Ok, I'll do it that way, to the best of my capabilities.
when matching mm0 statement vs mmu directive, it's a bit like having an expected.out and checking it, I guess. I wonder if/how it could be done for other stages.
Am I supposed to do something to merge those 2 tests (that you beautified) ? Is it finished ? For the next tests, am I supposed to commit them in this pr or am I supposed to open another one ?
The existing tests are fine, but you can add more tests to this PR. You had quite a few more last time you showed me.
ok, will do
those good ?
another batch Waiting for feedback and instructions for the next tests
these are good modulo pass/whitespace2
I'll start working on the next batch then...and slowly resume implementing the improved kotlin patcher for mm0 (and a patch for set.mm.mm0)
bad-math-string2.mm0 serves no purpose and should be removed :/
I don't think there is anything wrong with bad-math-string2, that's a possible parsing error. Same with delimiter $ $ $ $ $ $;
You are the boss, you know best.
The list inside delimiter was to test the fact that math string may hold ANY ascii char except '$' also, those are not multicharacter delimiters, that is just a space separated list of 1 char Ascii chars (who are displayed weirdly by their name when they are not printable)
Indeed, it wouldn't hurt to prevent the use of all those legacy and useless ascii (not printable) char.
I don't think there is anything wrong with bad-math-string2, that's a possible parsing error.

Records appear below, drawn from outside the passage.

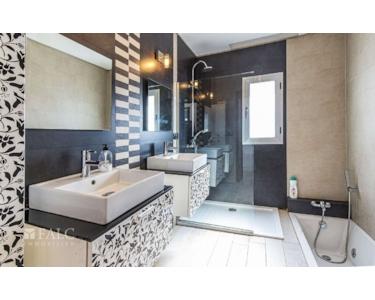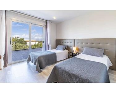Im ersten Obergeschoss befinden sich drei weitere Schlafzimmer, eines davon en suite mit eleganter Ankleide, ein zusätzliches Badezimmer sowie ein kleiner offener Aufenthaltsraum, der sich flexibel als viertes Schlafzimmer, Bibliothek oder Büro nutzen lässt. Alle drei Schlafzimmer sind durch eine Terrasse miteinander verbunden und bieten traumhafte Ausblicke bis zum Meer und zum Tramuntana-Gebirge. Dank der idealen Ausrichtung genießt man die Sonne vom Sonnenaufgang bis zum Sonnenuntergang, was der Villa eine besonders warme Atmosphäre verleiht.
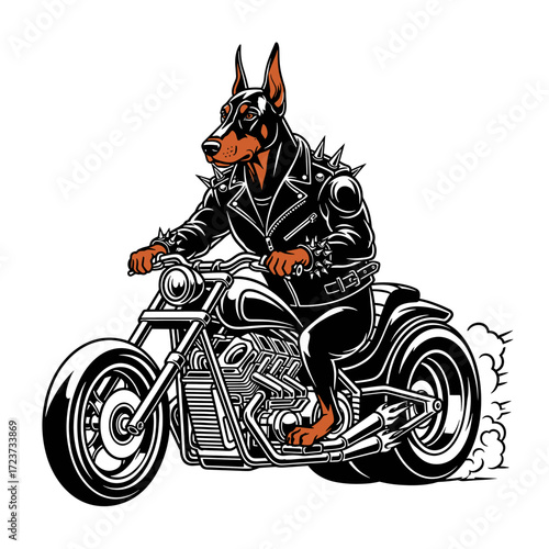 Intense snarling doberman with spiked collar and chain in high contrast black and white art
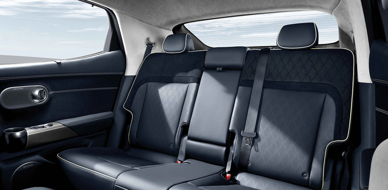 GV60의 내부는 'Beauty of White Space'라는 브랜드 철학을 반영하여 현대적이고 미니멀리스트적인 느낌을 줍니다. 고급 소재의 사용은 물론, 2024년 모델에는 새로운 친환경 패브릭 옵션도 추가되었습니다. 차량의 내부는 1열/2열 헤드룸이 각각 39.0/38.1인치, 레그룸이 42.3/37.6인치, 숄더룸이 57.5/55.9인치로 넉넉한 공간을 제공합니다. 또한, 전기차 특유의 평평한 바닥은 내부 공간의 개방감을 더욱 증대시킵니다.
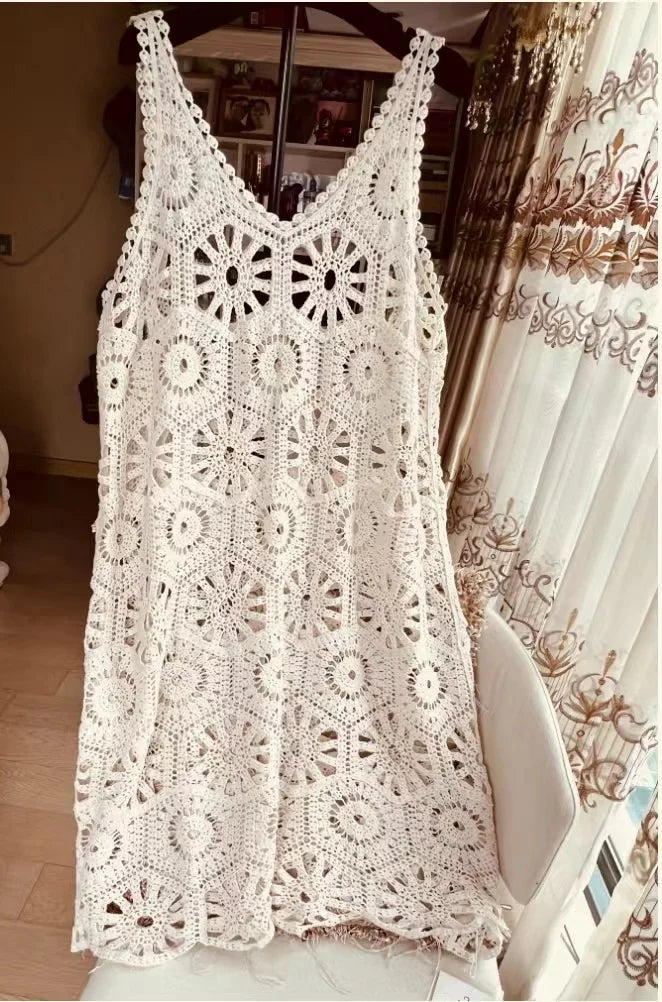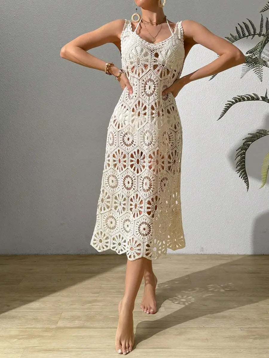 3D Flower Knitted Sling Long Dress Women Sexy Deep V-neck Backless Sleeveless Lace Up Femme Robes 2024 Summer Beach Dresses
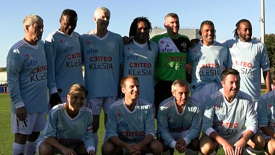 Emmanuel Macron scores penalty during charity football match
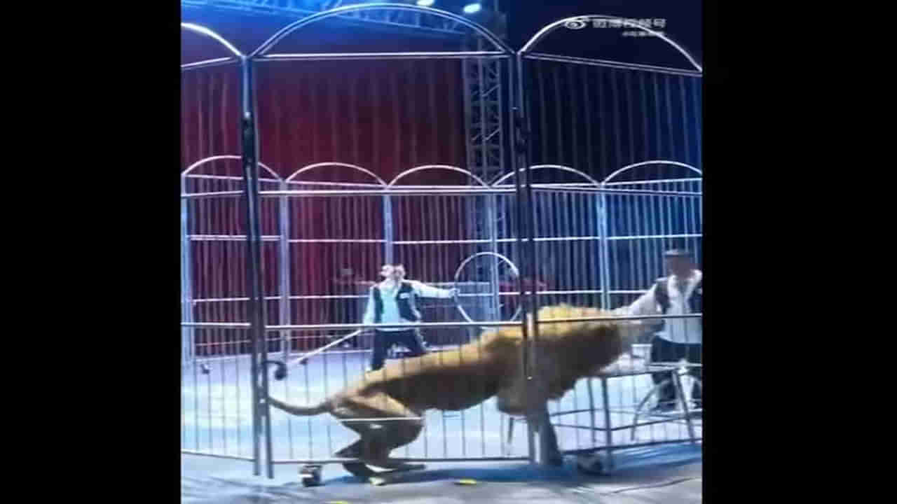 చైనాలో ప్రత్యక్ష ప్రదర్శన సందర్భంగా రెండు సర్కస్ సింహాలు తమ ఎన్క్లోజర్ నుండి తప్పించుకున్న వీడియో వైరల్గా మారింది. సెంట్రల్ చైనాలోని హెనాన్ ప్రావిన్స్లో ఈ కార్యక్రమం జరుగుతుండగా, సింహాలు బయటకు దూకడంతో ప్రేక్షకుల్లో తీవ్ర భయాందోళనలు నెలకొన్నాయి. సర్కస్లో పనిచేస్తున్న శిక్షకులు, పెంపకందారులు వారి వారి పిల్లులను పట్టుకుని ప్రాణభయంతో పరుగులు తీశారు. అదృష్టవశాత్తు ఎవరికీ ఎటువంటి గాయాలు కాలేదని తెలిసింది. ఈ సర్కస్ ఏర్పాటు చేసిన ఎన్క్లోజర్లో నిర్వాహకులు సింహాలతో విన్యాసాలు చేసేందుకు ప్రయత్నించారు. ఈక్రమంలో ఓ రింగ్ లోంచి దూకేందుకు సింహాలు మొరాయించడంతో వాటితో బలవంతంగా విన్యాసాలు చేయించేందుకు ట్రైనర్లు ప్రయత్నించారు. ఆ సమయంలో ఎన్క్లోజర్లో సరిగా లాక్ చేయని డోర్ నుంచి రెండు సింహాలూ ఒక్కసారిగా బయటకు దూకాయి. దీంతో గ్యాలరీల్లో కూర్చొని వీక్షిస్తున్న జనానికి ఏం చేయాలో తెలియక భయంతో కేకలు వేస్తూ బయటకు పరుగులు పెట్టారు. దీంతో ఆ ప్రాంతమంతా అరుపులు, కేకలతో దద్దరిల్లింది. అప్రమత్తమైన నిర్వాహకులు ఆ సింహాలను త్వరగా పట్టుకొని తిరిగి బోనులో బంధించారు.
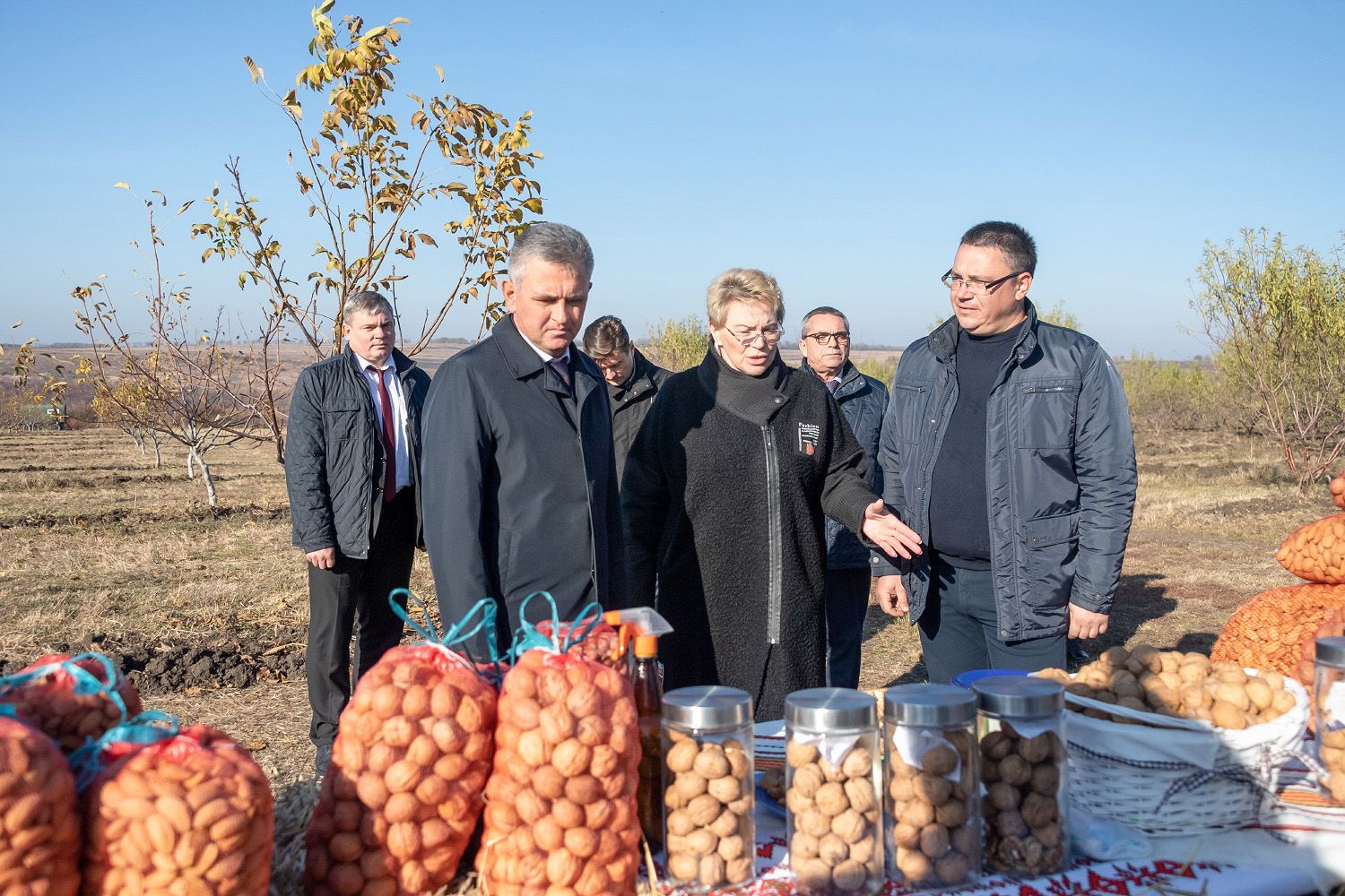 Начинали впятером, сейчас коллектив вырос в пять раз. Площадь обрабатываемых земель – порядка 300 гектаров. Выращивают в основном технические культуры, не требующие полива. За счет них удается сохранять рентабельность предприятия и вкладывать средства в развитие новых направлений. Особая гордость аграриев – ореховый и миндальный сады (площадью 10 и 16 гектаров соответственно). Вадим Красносельский бывал здесь на второй год после закладки миндального сада. Тогда только делали прогнозы. В этот визит уже можно говорить об урожайности.
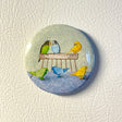 Each magnet measures 2.25” round and is totally protected from the messy kitchen environment with a laminated surface. Beautifully packaged with a removable backing, these are great tucked in an art card or just gifted on their own. The magnet is very strong and capable of holding many papers and photos on your fridge, whiteboard, filing cabinet or locker.
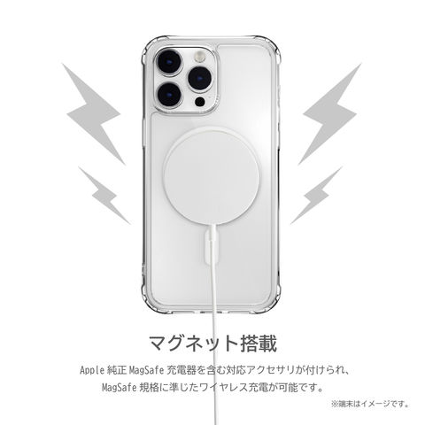 Apple純正MagSafe充電器を含む対応アクセサリが付けられ、MagSafe規格に準じたワイヤレス充電が可能です。
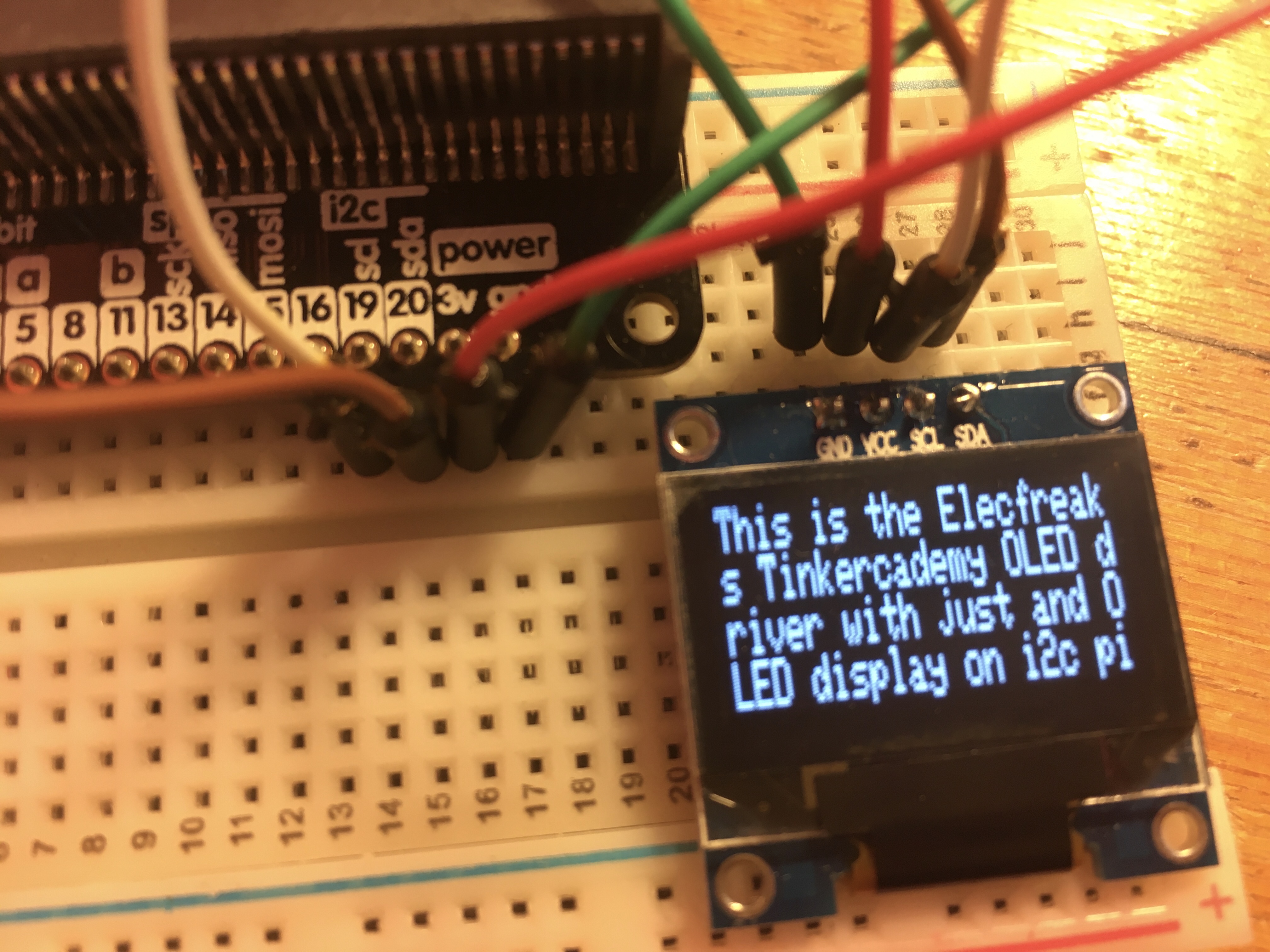 There’s another MakeCode OLED extension from Elecfreaks for their Tinkercademy board and kit, which I discovered works fine without their board and just an SSD1306 OLED connected straight to the micro:bit’s i2c pins. It’s also very limited, just allowing the display of text, numbers, lines, rectangles and a progress bar that I can’t get to work, but it does use a better font, tall and narrow (around 5×7 or 5×8 pixels with spacing) but much more readable than porting the micro:bit’s own 5×5 pixel font. It seems to double each row, even when drawing graphics, so I think the effective resolution with this extension is 128×16 pixels:
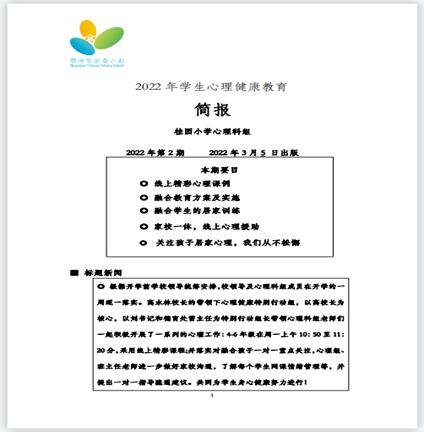 ● 滨河小学推出“居家有方,心理老师来支招”学生和家长心理健康教育系列服务;
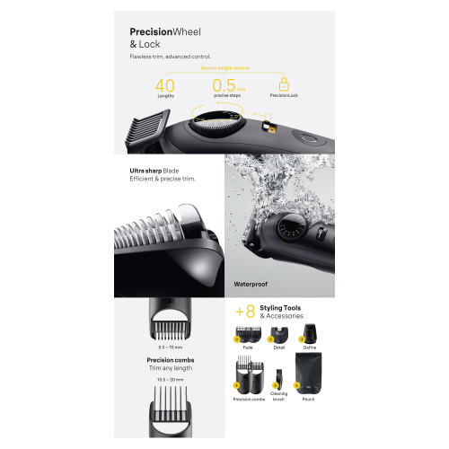 - PrecisionWheel & Lock Nevainojama veidošana jebkurā garumā. Uzlabota kontrole, lai nebūtu nekādas noslīdēšanas
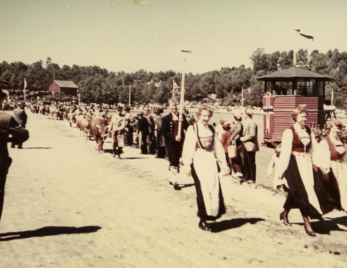 På utstillingsplassen var det flere underholdningsinnslag. Divisjonsmusikken bidro med hornmusikk, og bunadskledde barn hadde oppvisning. Premierte dyr ble samlet i sine klasser for fremvisning, og foran hver klasse gikk det bunadskledde ungdommer med navneskilt for klassen. Et slikt opptog ser en på fotoet som er månedens foto.
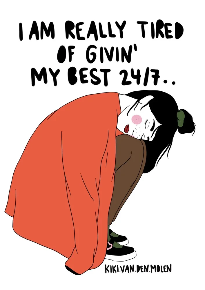 Illustration by Kiki Van Den Molen: a thoughtful woman in soft colors
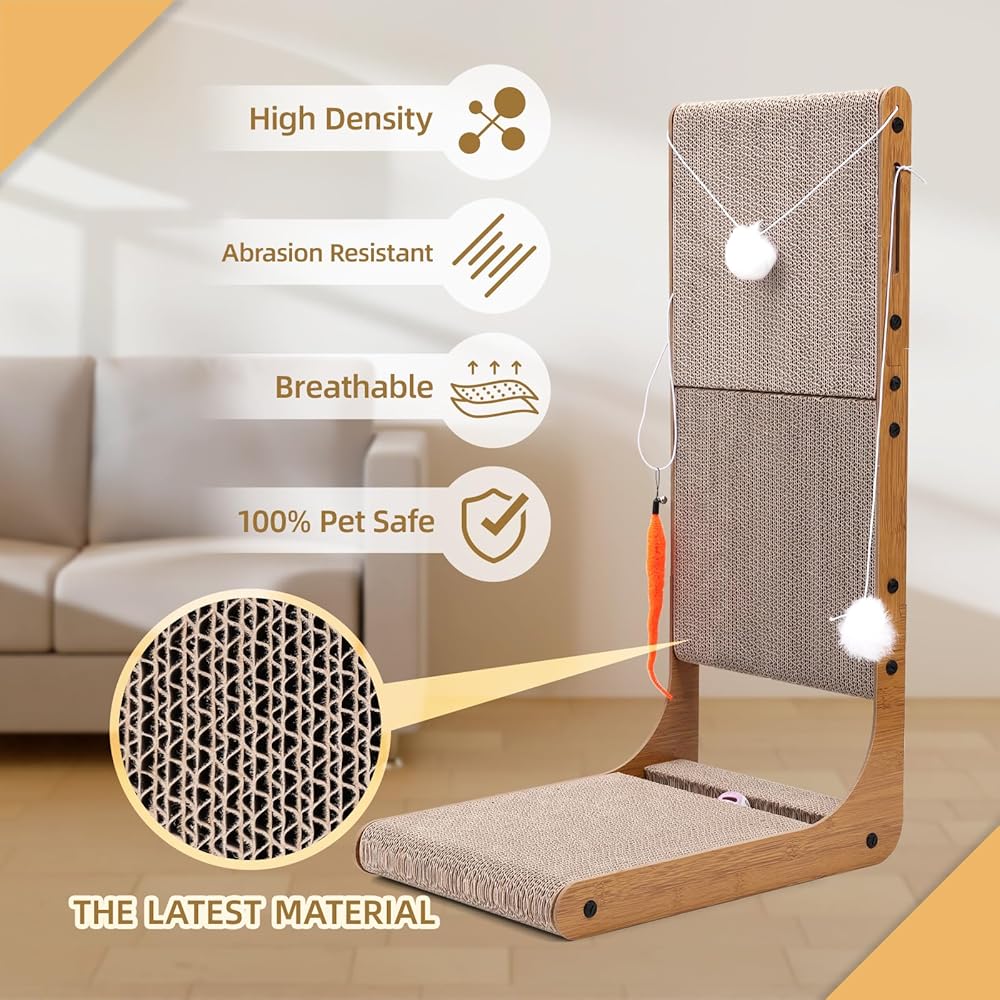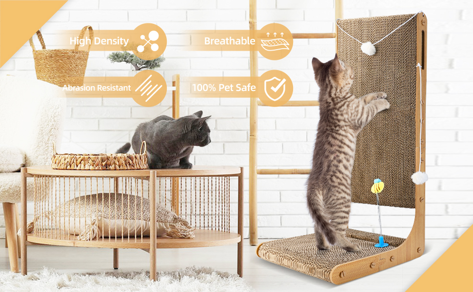 【PREMIUM QUALITY MATERIAL】: Made of eco-friendly and non-toxic corrugated paper, no harmful substances. Absolutely safe for cats. Thickened and high density corrugated cardboard is more sturdy and durable.
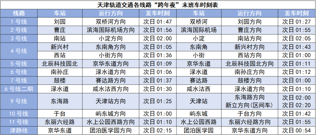 根据乘客出行需求,2025年12月31日晚间天津轨道交通全网延长运营服务时间2.5小时。

Same with
delimiter $ $ $ $ $ $;
oh yeah, nice one.
I'm still a bit confused about if/how I should/could test things. I fear that this is going to be hard to test that a developper implements parsing the right way (with the right structure for stuff).
I made 3 attemps at developping parsers for mm0 (and 1 for metamath), So I tried a few things (some of them stupid), so I have some experience in doing dangerous things : like skipping unparsed balanced parentheses strings to parse them later in a different process. It gives me some ideas to help other developpers prevent the same pitfalls :
- using a third party isWhiteSpace() to skip mm0/mmu whitespace
- implementing/hacking things quickly while discovering the mm0/mmu specs and not handling correctly corner cases...
- misunderstanding the spec... But still, I fear that doing a good testing job is going to be hard
You probably have it easier with the mmb format where everything is (certainly) located in a convenient place and you do not have parsing (structure) issues. Here, that's me being jealous :)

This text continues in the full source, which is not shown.